(photo from hollywoodreporter.com)
Yeah, I know. I’m writing about Justin Bieber.
Let me preface this by saying that, in all honesty, I know next to nothing about the kid. I know he has bad haircuts and the pre-teens seem to love him.
I listen to Christian radio on the odd occasion, and I remember once a while back a DJ said something about Justin Bieber’s visit to the Holy Land, and reacting to some statements he’d made about his personal faith. And I just found a blog talking about his faith, and such things.
Cool! At least the kids listening to irritating music might be attracted to Jesus. I dunno. Maybe. Stranger things have happened.
And then I saw this report, talking about how he’s been arrested on drunk driving charges and other things.
Not so cool, Bieb.
On the one hand, I don’t really care. He’s not my kid, I don’t like his music, and I don’t really care much about him, period. On the other, he’s somebody’s kid. And he’s God’s kid. For that reason, this breaks my heart.
I know the reports of him driving 60mph in a residential neighborhood made me angry, because I’m a dad and I love my Goose and I know she’ll be playing outside someday. I also know that I’ve done ridiculous things that could have gotten me and my friends hurt and or killed, and I’m in no place to judge.
We could beat the dead horse of “Look at Brittany and Miley and Lindsay and the kids from Different Strokes”, but…. why? I’m not saying we give Justin Bieber a pass here, but I’m also not going to cast the first stone.

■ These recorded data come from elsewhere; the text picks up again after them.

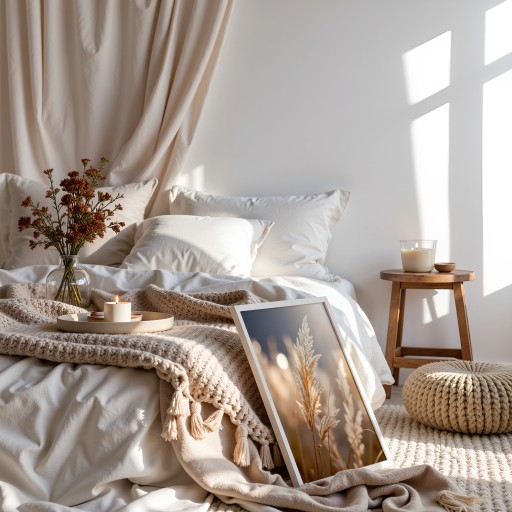 - Styl Boho – Kolekcja obrazów wpisuje się w naturalny i spokojny klimat boho, w którym dominują ziemiste barwy i przytulne akcenty, tworzące przestrzeń sprzyjającą wyciszeniu i kreatywności.
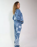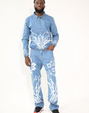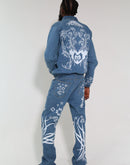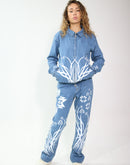 The jacket is detailed with an open zipper front and a Peter-Rabbit style collar, combining classic denim structure with a contemporary artistic edge. The matching trumpet pants continue the all-over DTS print, creating a unified, expressive denim look with a standout silhouette.
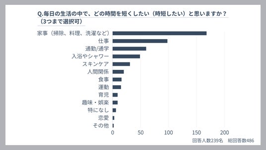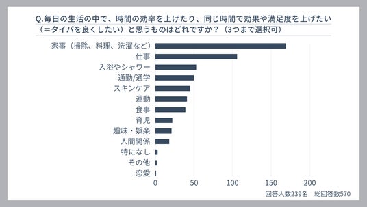– 「タイパを向上させたい日常の行動」として挙げられたのは、家事(169票)がトップで、次に仕事(106票)、入浴やシャワー(53票)。

A little self-disclosure: I love Jesus. I just forget that a lot. I know He loves me. Sometimes I forget it, and sometimes I remember His love but don’t remember why it matters. I quit going to church, I isolate myself from friends (not just Christian friends), and then I wonder why I feel like I have no direction and like I’m adrift in the stormy sea of life. So when I see Justin Bieber quoted as saying “I think that’s part of the reason I’m here… Not just because I’m talented, but because God had a purpose for me to just help people” and then I hear that he’s drunk, maybe high, and resisting arrest, I see….
Well, not the haircut. And not being drunk or high, not really my style. But I do see that I make terrible choices, and excel at being a bad choice factory. And I see Justin Bieber making terrible choices, and perhaps he’s wondering why he has no direction and like he’s adrift in the stormy sea of life.
Justin, it would appear that we both need to run back to the arms of Jesus.
This is what I love about Jesus — no matter how much I ignore Him, no matter how much I pretend He doesn’t exist, no matter how much I take His name in vain because of stupid crap like the g** d*** Chinese food falling over in my car tonight on my way home from work, He still loves me and still pursues me, regardless of the fact that I have nothing to offer Him and am in fact running from Him for reasons beyond my ability to see.
So when you think about Justin Bieber and his terrible choices, maybe say a prayer for the kid with the bad haircut. If he does turn back to Jesus and allow himself to get straightened out, he really could be in a place to reflect the love of the King of the Universe to a whole hell of a lot of people.
And I happen to be a person who needs to see that love.